Monstrous Moonshine

Question

Wikipedia claims that the group of units of Z24 (1,5,7,11,13,17,19,23), which all have order 2, and are isomorphic to (Z/2Z)^3 have an important connection to Monstrous Moonshine theory, however, I cannot find any other reference besides Wikipedia that claims this --- It was recommended on sci.math that I pose this question here.

Perhaps it's a mistake? And he meant that the primes of the Monster, which continue to 71, are what are considered in Moonshine.

Paul Hjelmstad, B.M, B.A.

[Edit (PLC): Here is the relevant passage from wikipedia:]

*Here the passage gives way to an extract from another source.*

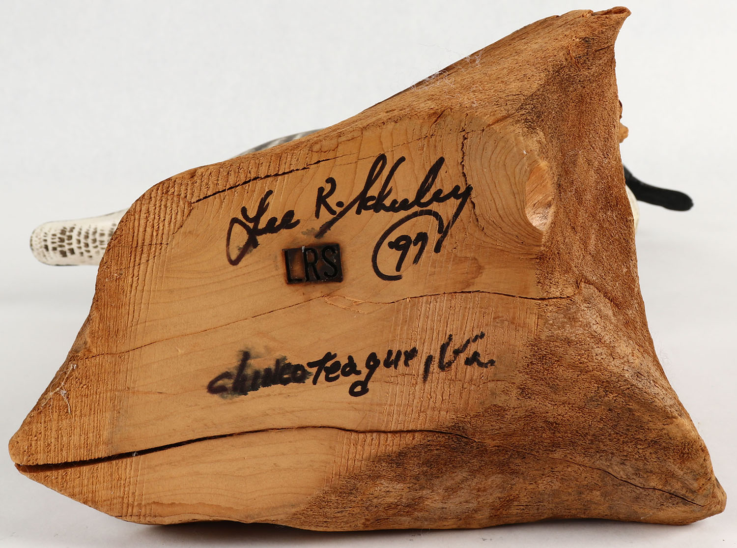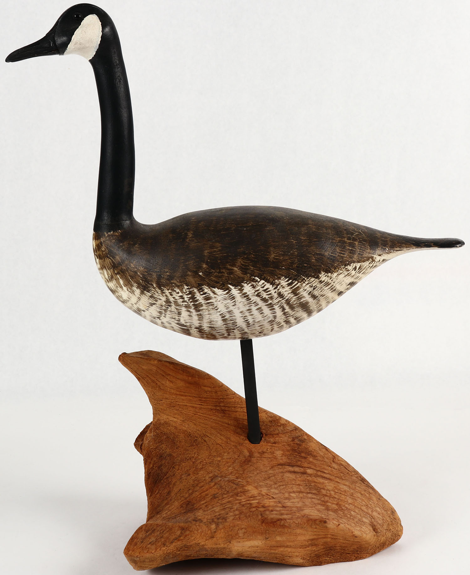 Miniature Canada Goose on stand by Lee R. Schceley, Chincoteague, Virginia, branded LRS & signed on bottom of stand & decoy, GE, solid wood, mint original paint, 13'' OAL. Grade: Excellent ++ - Value: 20 to 60

24 is the highest number $n$ with the property that every element of the group of units $(\mathbb{Z}/n\mathbb{Z})^{\times}$ of the commutative ring $\mathbb{Z}/n\mathbb{Z}$, apart from the identity element, has order $2$; thus the multiplicative group $(\mathbb{Z}/24\mathbb{Z})^{\times} = \{1,5,7,11,13,17,19,23\}$ is isomorphic to the additive group $(\mathbb{Z}/2\mathbb{Z})^3$. This fact plays a role in monstrous moonshine.

Answer 1

$\newcommand{\Q}{\mathbf Q} \newcommand{\Z}{\mathbf Z}$

I don't know about monstrous moonshine, but $(\Z/24\Z)^\times$ is the group of automorphisms of the maximal elementary abelian $2$-extension $\Q_2\left(\root2\of{\Q_2^\times}\right)=\Q_2(\root2\of5, \root2\of3, \root2\of2)=\Q_2(\zeta_{24})$ of $\Q_2$. See for example Lemma 8 of Lecture 19 of my course on Local arithmetic.

Answer 2

I think the claim goes back to the 1979 paper "Monstrous Moonshine" by Conway and Norton, where they discuss the "defining property of 24": If $n$ is a positive integer such that $xy \equiv 1$ mod $n$ implies $x \equiv y$, then $n|24$. This fact is used in Atkin's determination of the normalizer of $\Gamma_0(N)$ in $SL_2(\mathbb{R})$. The number 24 plays a special role here, in the sense that the normalizer is $\Gamma_0(n|h)+$, where:

1. $h$ is the largest divisor of 24 such that $h^2|N$
2. $n = N/h$
3. $\Gamma_0(n|h) = \left\{ \begin{pmatrix} a & b/h \\ cN & d \end{pmatrix} \mid a,b,c,d \in \mathbb{Z}, ad-bcn/h = 1 \right\}$. The notation is meant to suggest that the group is conjugate to $\Gamma_0(n/h)$, and contains $\Gamma_0(nh)$.
4. The $+$ means we adjoin all possible Atkin-Lehner involutions. If $n/h$ has $k$ prime factors, then this extends $\Gamma_0(n|h)$ by an elementary abelian 2-group of rank $k$.

The connection between your observation and moonshine does not seem particularly strong to me, but that may be because I was too young to have experienced firsthand the heady days of numerical exploration. It involves the normalizers of $\Gamma_0(N)$ in the following way: There is a graded representation $V^\natural = \bigoplus V^\natural_m$ of the monster, such that for each element $g$ of the monster, the McKay-Thompson series $T_g(\tau) = \sum_{m \geq -1} Tr(g|V^\natural_m)q^m$ is the $q$-expansion of a modular function invariant under some genus zero group $\Gamma$ that contains and normalizes some $\Gamma_0(N)$, and therefore lies in some $\Gamma_0(n|h)+$ , where $n = |g|$. This fact was essentially the main conjecture in the Conway-Norton paper, although the paper enhances this claim with an explicit list of the candidate functions and their invariance groups. My understanding of the solution process is:

1. Atkin, Fong, and Smith gave a computational proof of existence (1980).
2. Frenkel, Lepowsky, and Meurman constructed a candidate representation $V^\natural$ (1984), and showed that it had a vertex operator algebra structure (1988).
3. Borcherds proved that the candidate representation was satisfactory (1992).

Wikipedia and sundry expository books by Gannon, du Sautoy, Ronan, and others can say more about the precise history than I can. I should mention that the number 24 is important as the central charge of $V^\natural$ in Borcherds's solution to the Monstrous Moonshine conjecture, but the paper does not make explicit use of the number 24 in the "group of units" role. One might reasonably argue (through a somewhat convoluted path) that these are the same 24, though.

There may be other connections, but I am unaware of them.